<<<<

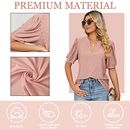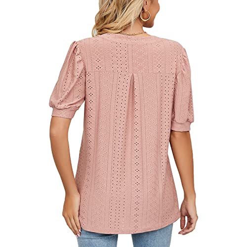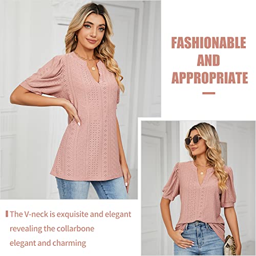 Decorie T Shirt Donna Estive con Scollo a V e Balze Manica Corta Magliette Donna Elegante Rilassato Bluse e Camicie da Donna (B-Rosa,S)
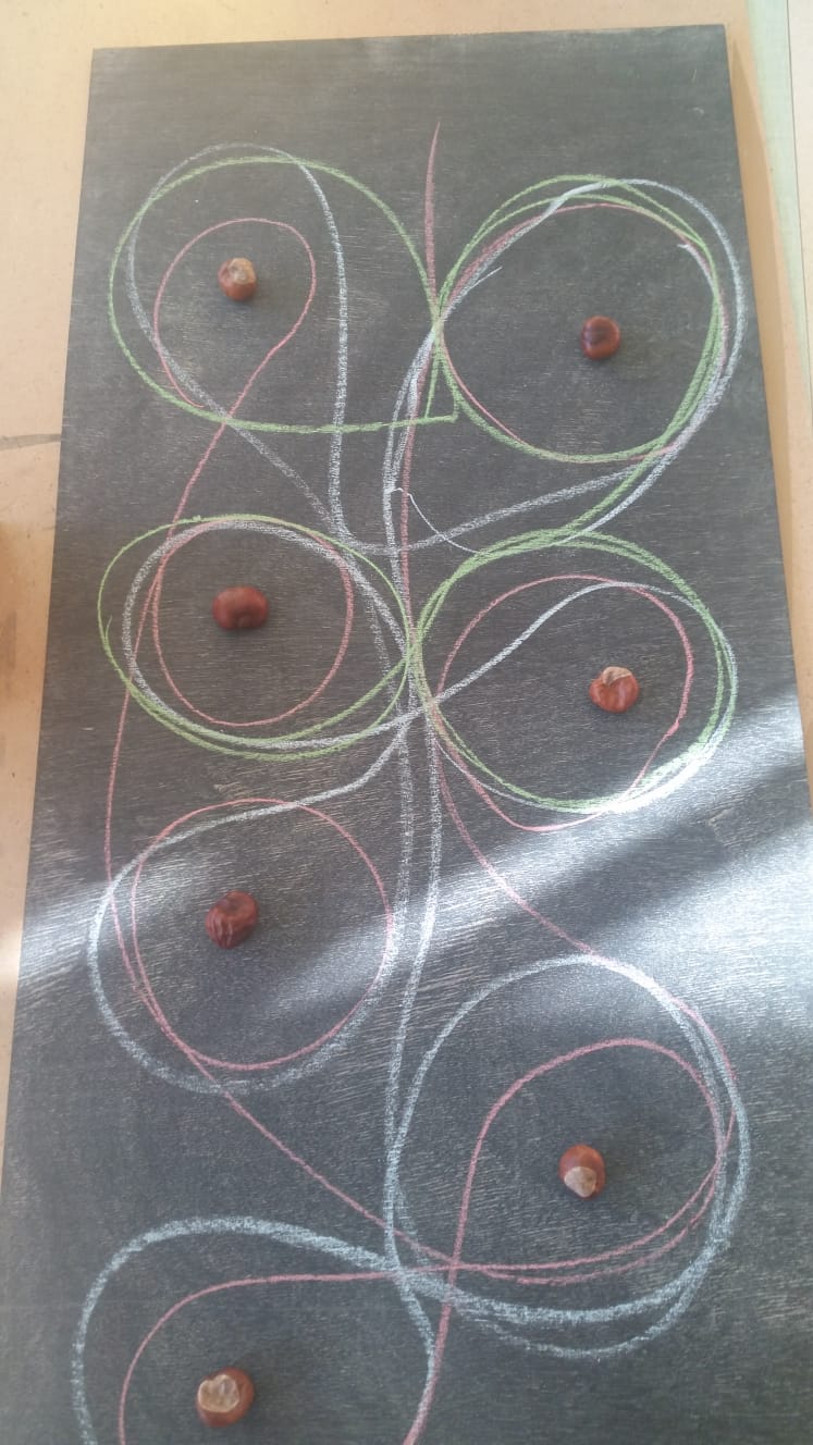 En wat we schrijven hoeven niet altijd letters te zijn. Met basisschrijfbewegingen als lussen en bogen kunnen we al beginnen lang voordat de kinderen aan letters toe zijn..
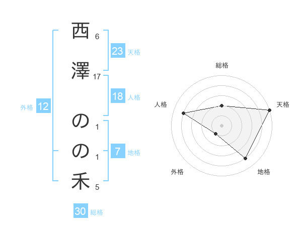 西澤 のの禾さんを姓名の画数から五運を鑑定
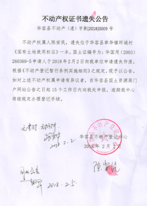 不动产权证书遗失公告【国有土地证(陈安民)】
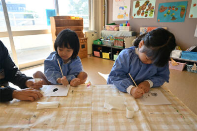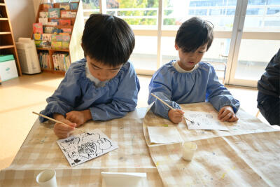 年長すみれ組では、今日とれたてのザクロの絵を、割りばしペンを使って墨汁で描いていました。
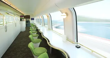 ● Viaje disfrutando de una comodidad excepcional desde Kioto a Iseshi, la puerta de entrada al Gran Santuario de Ise, con asientos espaciosos, interiores refinados y un ambiente tranquilo y relajante.
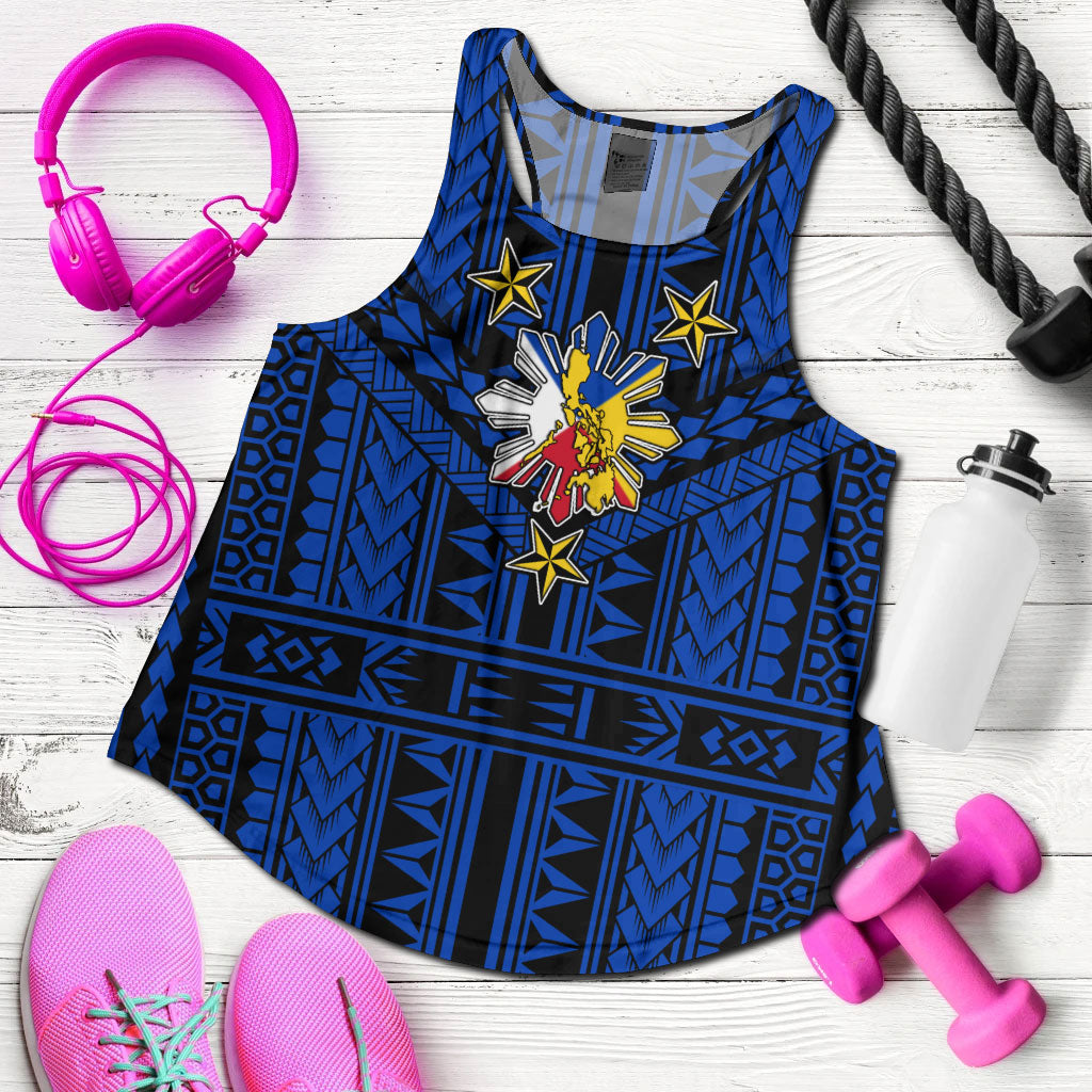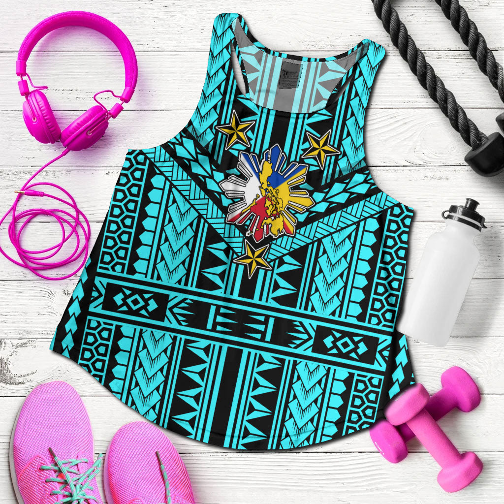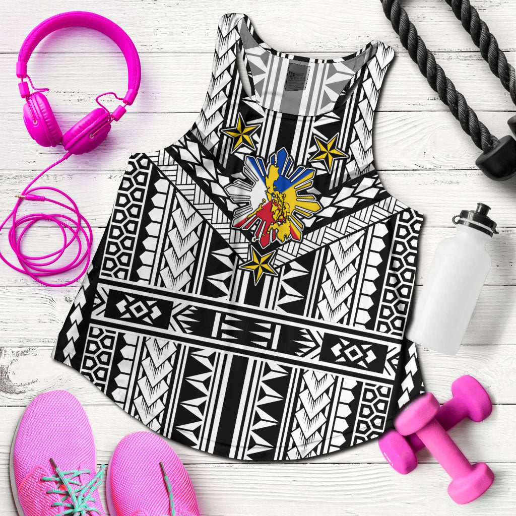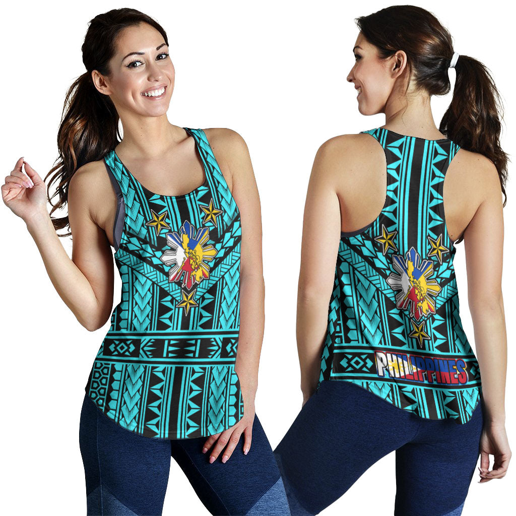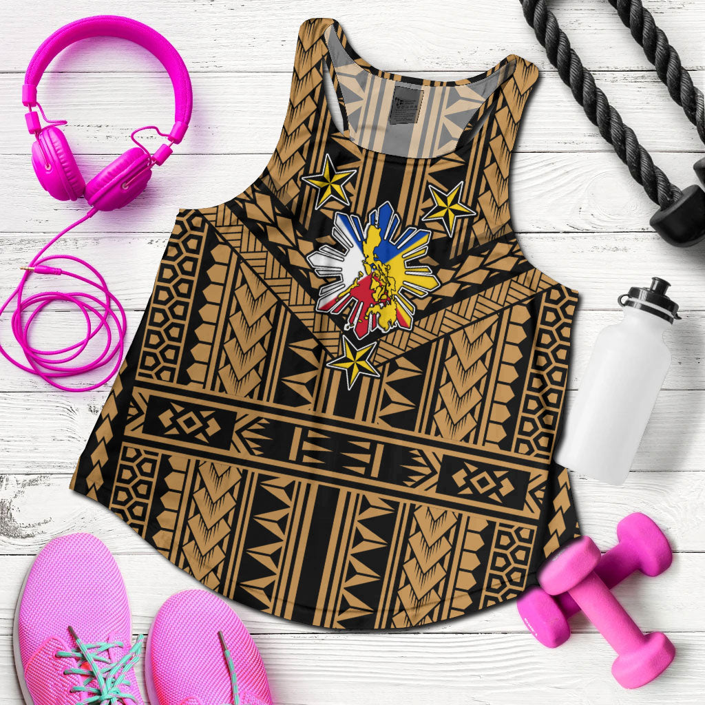 Philippines Women Tank - Filipino Sun And Stars Tribal Tattoo Patterns Style
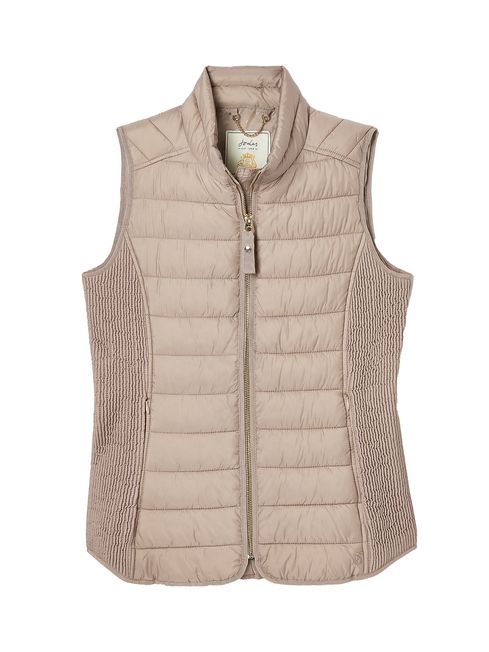 A gilet is one of those wardrobe wonders that you'll call on time and time again. So if you're looking for your first one, or to update your current, our new Whitlow is just the ticket. Feel-good features include chevron quilting, elasticated side panels for a flattering shape and beautiful top stitch detailing throughout. Its buttery-soft outer is showerproof making it a wonder in light bursts of rain. There's a full zip fastening with a zip guard, two side pockets with concealed zips for a sleek look and a curved hem. We've made it in an easy-to-style colour and finished it with a Joules hare to the hem too. Showerproof Padded Chevron quilting Elasticated side panels for a flattering fit Zip fastening Hand-drawn printed lining Concealed zip pockets Buttery-soft pearlised finish Joules embroidered hare to the hem
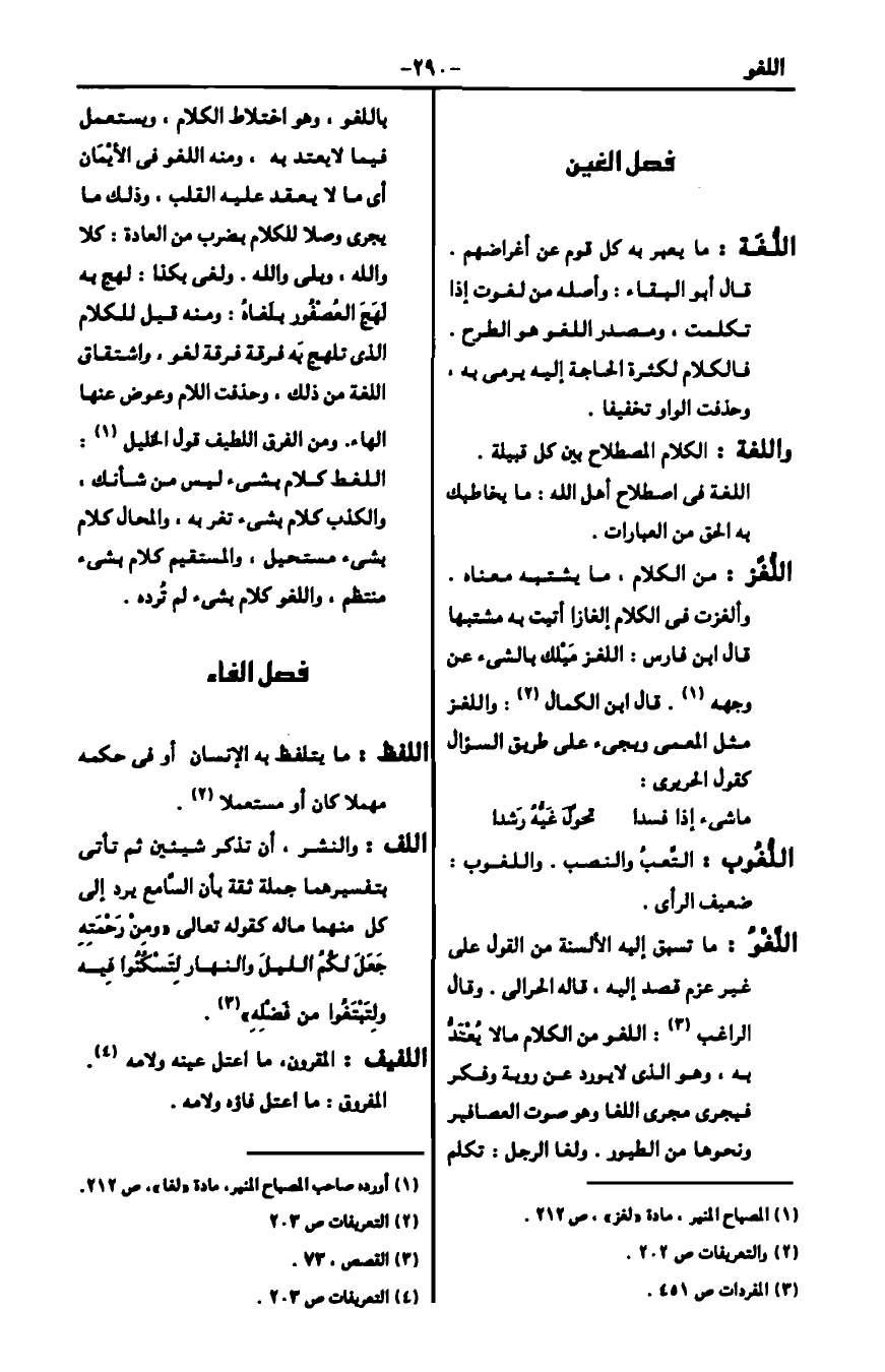 4 أورده صاحب المصباح المنير، مادة "لغا"، ص212.

>>>>

— What you should do —
Your copy must begin at the line containing "年長すみれ組では、今日とれた" and end at the last line of the material above. Reproduce each line exactly, but not the pictures.

— Exercise result —
 年長すみれ組では、今日とれたてのザクロの絵を、割りばしペンを使って墨汁で描いていました。
 ● Viaje disfrutando de una comodidad excepcional desde Kioto a Iseshi, la puerta de entrada al Gran Santuario de Ise, con asientos espaciosos, interiores refinados y un ambiente tranquilo y relajante.
 Philippines Women Tank - Filipino Sun And Stars Tribal Tattoo Patterns Style
 A gilet is one of those wardrobe wonders that you'll call on time and time again. So if you're looking for your first one, or to update your current, our new Whitlow is just the ticket. Feel-good features include chevron quilting, elasticated side panels for a flattering shape and beautiful top stitch detailing throughout. Its buttery-soft outer is showerproof making it a wonder in light bursts of rain. There's a full zip fastening with a zip guard, two side pockets with concealed zips for a sleek look and a curved hem. We've made it in an easy-to-style colour and finished it with a Joules hare to the hem too. Showerproof Padded Chevron quilting Elasticated side panels for a flattering fit Zip fastening Hand-drawn printed lining Concealed zip pockets Buttery-soft pearlised finish Joules embroidered hare to the hem
 4 أورده صاحب المصباح المنير، مادة "لغا"، ص212.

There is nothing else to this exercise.